Pryor had for several years, been a radio spokesman for the Austin-based Tex-Mex restaurant chain Serrano's. In these ads, he is often called "Nopalito," which loosely means little cactus, after the Spanish word nopal. His broadcasting sign-off consisted of a nonsense word, "thermostrockimortimer," the meaning of which (if any) was never made public.
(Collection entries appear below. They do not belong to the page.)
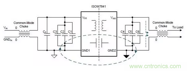 上圖是ISOW7841設(shè)計(jì),使用扼流圈來降低共模電流以及返回路徑環(huán)路面積,間接減少輻射發(fā)射。 共模扼流圈可插入輸入和輸出電源或連接到系統(tǒng)的任何長電纜上。
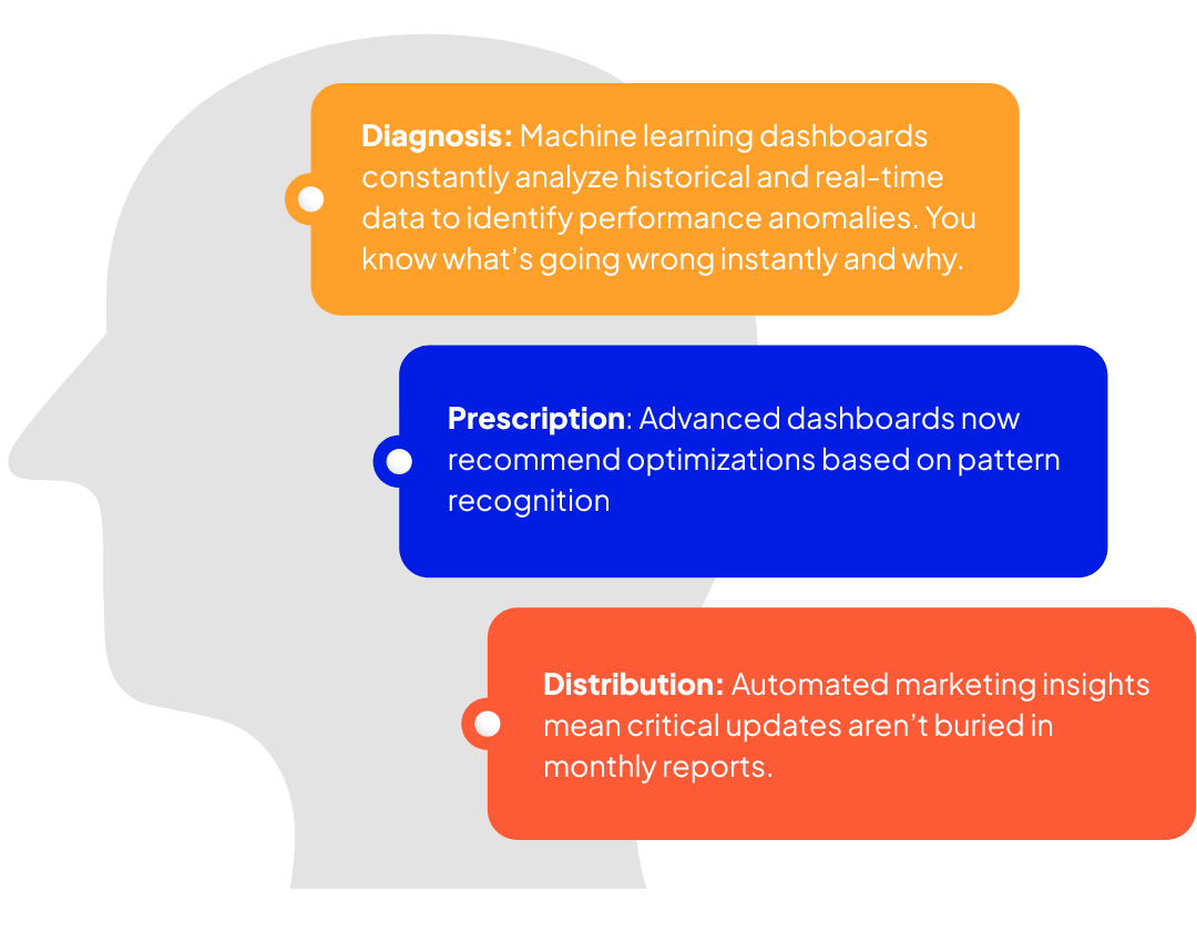 - Prescription: Advanced dashboards now recommend optimizations based on pattern recognition. For example, an AI-powered reporting tool may suggest budget shifts based on week-over-week engagement decay or alert you to audiences that are behaving differently than expected.
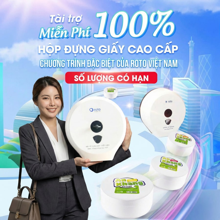 Roto Việt Nam tài trợ miễn phí hộp đựng giấy cho khách hàng tổ chức có nhu cầu sử dụng lớn như tòa nhà, văn phòng, nhà hàng, khách sạn, trường học, nhà máy. Khi đặt mua giấy vệ sinh cuộn lớn sẽ được tặng kèm hộp đựng để giấy phù hợp, giúp chuẩn hóa khu vực vệ sinh gọn gàng – sạch sẽ – chuyên nghiệp, đồng thời tối ưu chi phí vận hành về lâu dài.
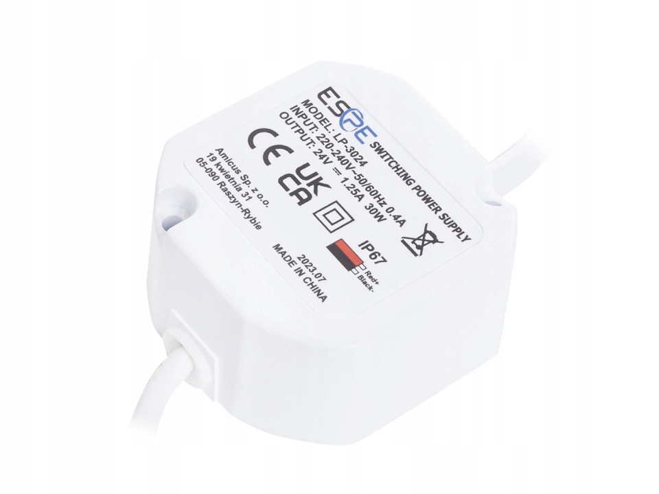 Zasilacz: impulsowy; LED; 30W; 24VDC; 1,25A; 220-240VAC; IP67; LP-3024; ESPE; RoHS; CE
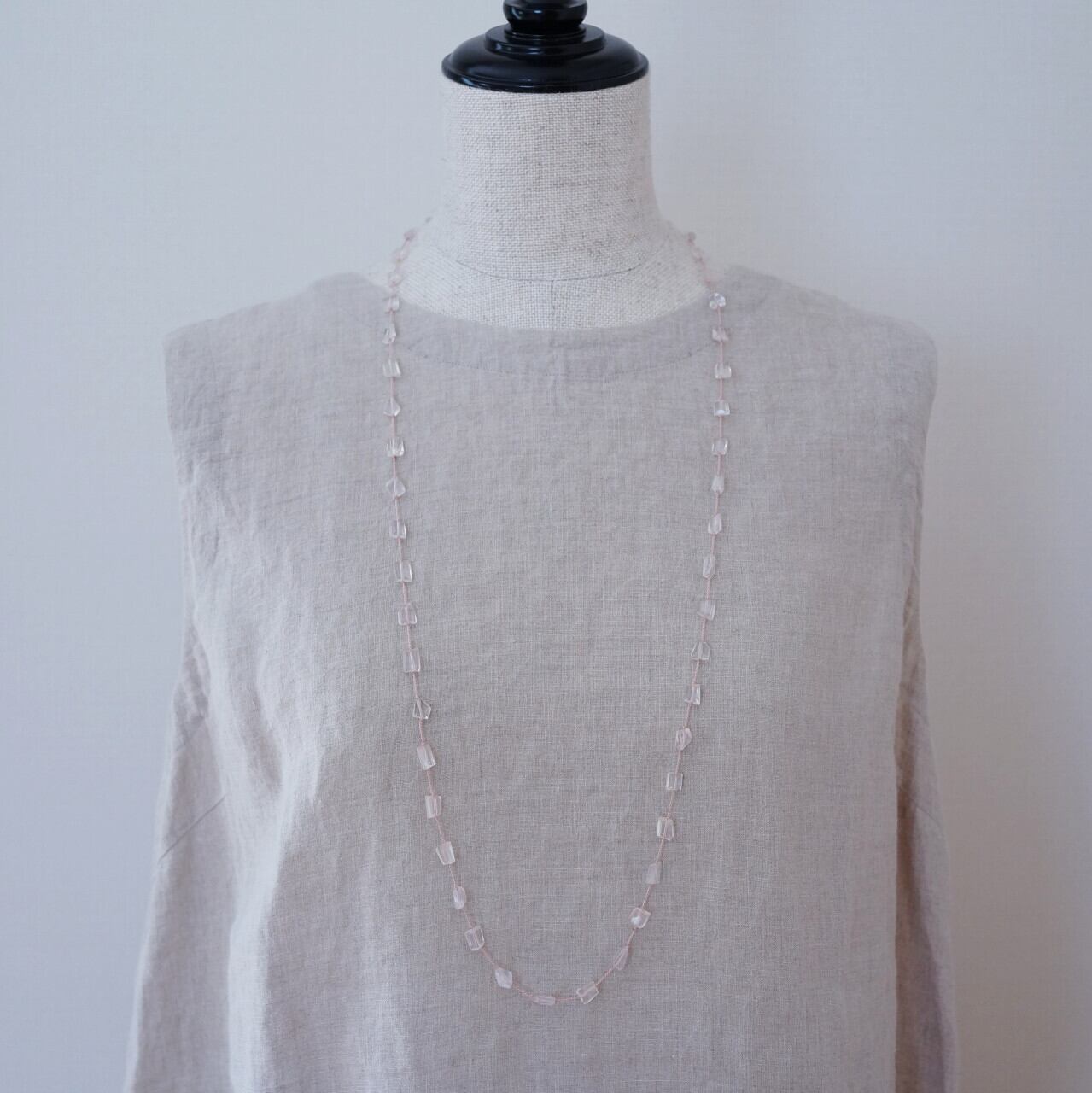 優しい透明感のあるピンクが美しい、一つ一つ形やサイズが異なる石を繋ぎました。
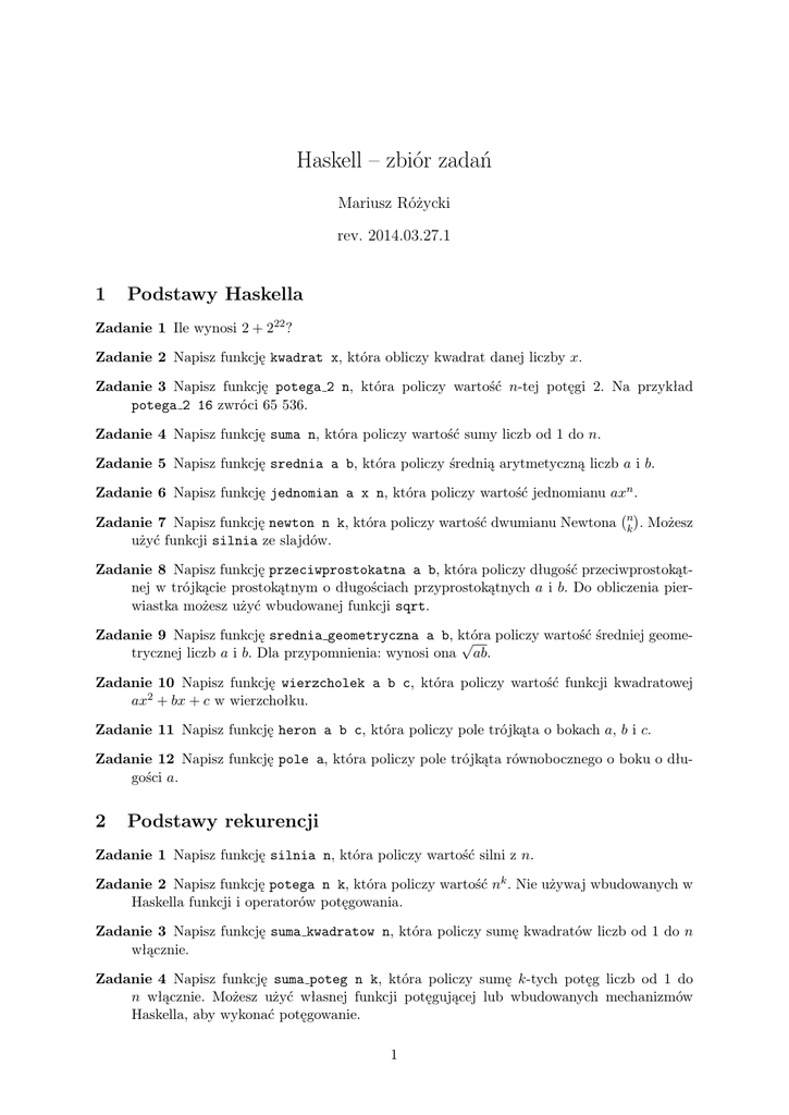 Haskell – zbiór zadań Mariusz Różycki rev. 2014.03.27.1 1 Podstawy Haskella Zadanie 1 Ile wynosi 2 + 222 ? Zadanie 2 Napisz funkcję kwadrat x, która obliczy kwadrat danej liczby x. Zadanie 3 Napisz funkcję potega 2 n, która policzy wartość n-tej potęgi 2. Na przykład potega 2 16 zwróci 65 536. Zadanie 4 Napisz funkcję suma n, która policzy wartość sumy liczb od 1 do n. Zadanie 5 Napisz funkcję srednia a b, która policzy średnią arytmetyczną liczb a i b. Zadanie 6 Napisz funkcję jednomian a x n, która policzy wartość jednomianu axn . Zadanie 7 Napisz funkcję newton n k, która policzy wartość dwumianu Newtona użyć funkcji silnia ze slajdów. n k . Możesz Zadanie 8 Napisz funkcję przeciwprostokatna a b, która policzy długość przeciwprostokątnej w trójkącie prostokątnym o długościach przyprostokątnych a i b. Do obliczenia pierwiastka możesz użyć wbudowanej funkcji sqrt. Zadanie 9 Napisz funkcję srednia geometryczna a b, która policzy wartość średniej geome√ trycznej liczb a i b. Dla przypomnienia: wynosi ona ab. Zadanie 10 Napisz funkcję wierzcholek a b c, która policzy wartość funkcji kwadratowej ax2 + bx + c w wierzchołku. Zadanie 11 Napisz funkcję heron a b c, która policzy pole trójkąta o bokach a, b i c. Zadanie 12 Napisz funkcję pole a, która policzy pole trójkąta równobocznego o boku o długości a. 2 Podstawy rekurencji Zadanie 1 Napisz funkcję silnia n, która policzy wartość silni z n. Zadanie 2 Napisz funkcję potega n k, która policzy wartość nk . Nie używaj wbudowanych w Haskella funkcji i operatorów potęgowania. Zadanie 3 Napisz funkcję suma kwadratow n, która policzy sumę kwadratów liczb od 1 do n włącznie. Zadanie 4 Napisz funkcję suma poteg n k, która policzy sumę k-tych potęg liczb od 1 do n włącznie. Możesz użyć własnej funkcji potęgującej lub wbudowanych mechanizmów Haskella, aby wykonać potęgowanie. 1 Zadanie 5 Napisz funkcję liebniz k, która policzy k-te przybliżenie liczby π z szeregu Liebniza. Szereg Liebniza wygląda następująco: ∞ X (−1)n n=0 2n + 1 lub bardziej po ludzku: 1− 1 1 1 + − + ··· 3 5 7 . 3 Kontrola przebiegu programu Zadanie 1 Napisz funkcję wartosc bezwzgledna x, która policzy wartość modułu z x. Zadanie 2 Napisz funkcję collatz cn, która dla danego wyrazu ciągu Collatza cn policzy wartość nastepnego wyrazu. Definicję tego ciągu znajdziesz w slajdach. Zadanie 3 Napisz funkcję signum n, która dla danego n obliczy i zwróci wartość sgn(n). Zadanie 4 Napisz funkcję minimum a b, która wybierze mniejszą z wartości a i b. Zadanie 5 Napisz funkcję minimum a b c, która wybierze najmniejszą z wartości a, b, c. Zadanie 6 Napisz funkcję rownanie kwadratowe a b c, która obliczy liczbę rozwiązań równania ax2 + bx + c = 0. 2
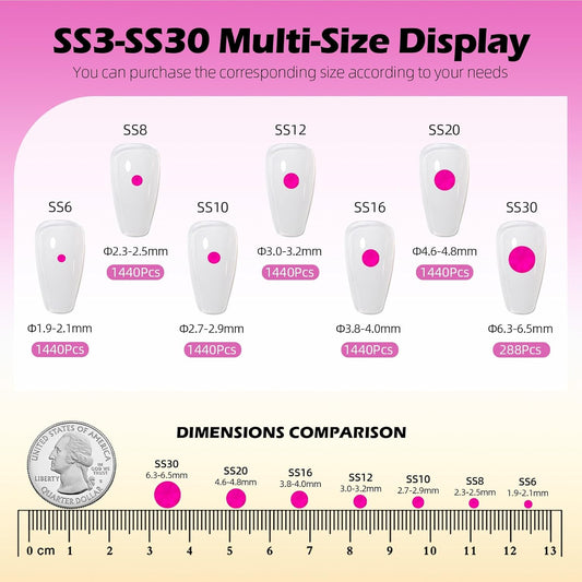 Neon Rose Flatback Rhinestones, Glass Rhinestones for Nail Art and Craft, Glue Fix, Loose Crystal Gemstones(Neon Rose, SS10, 1440pcs, 2.7-2.8mm)
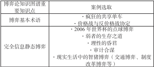 表2 博弈论课程案例分布
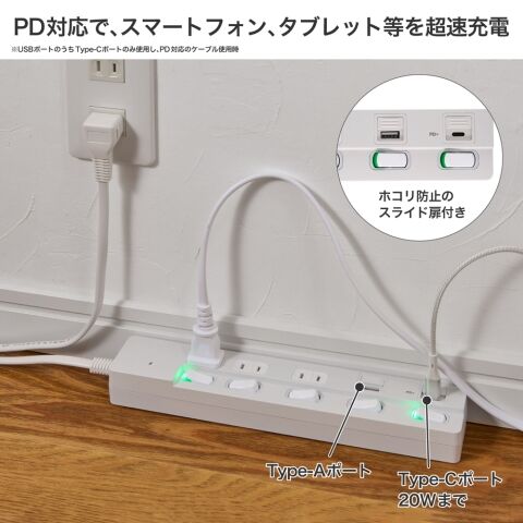 ELPA 個別スイッチ付USBタップ(3個口/1m/USB A×1、C×1) ホワイト ELPA WLK-3221SUC(W) 【返品種別A】
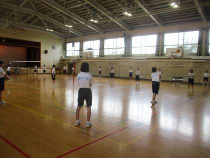 女子は、バレーボールに取り組んでいます。サーブ・レシーブの技術の習得に取り組んでいます。
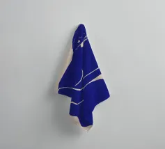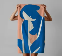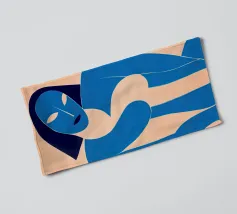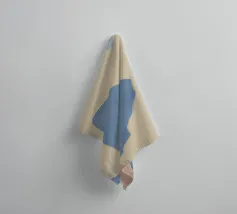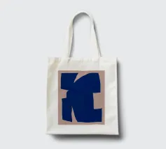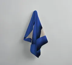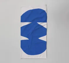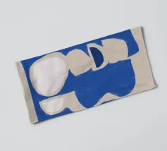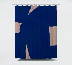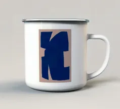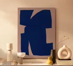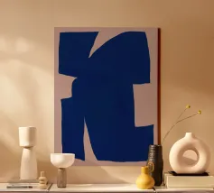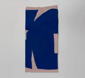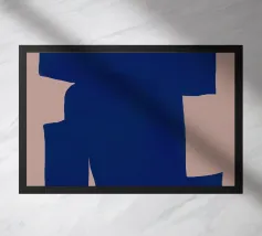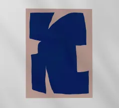A bold blue abstract shape dominates the center of a textured pink background. The shape has no clear form, suggesting a spontaneous or unplanned design.
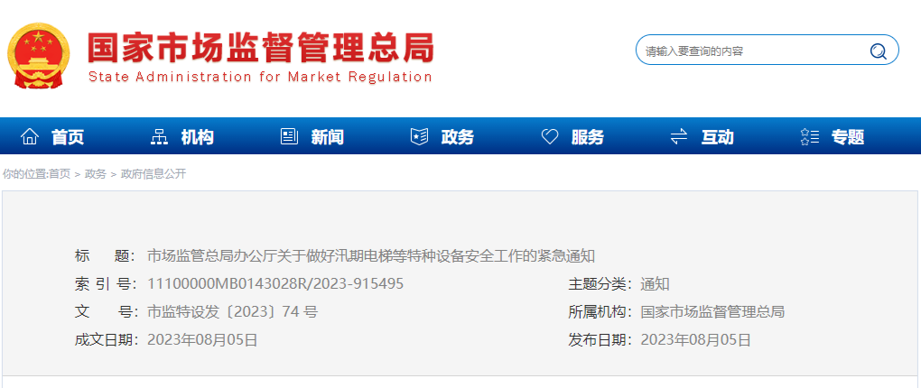 市场监管总局办公厅关于做好汛期电梯等特种设备安全工作的紧急通知

Cactus stated that, "The phrase is in the Bible; if you don't find it, keep reading." "Thermostrockimortimer!" appears on the shared headstone of Cactus Pryor and his wife Peggy in the Texas State Cemetery in Austin.

Pryor's brother, Wally John Pryor (1928-2014), was also involved in local broadcasting at KTBC and the University of Texas at Austin, and was the "Voice of the Longhorn Band" for decades.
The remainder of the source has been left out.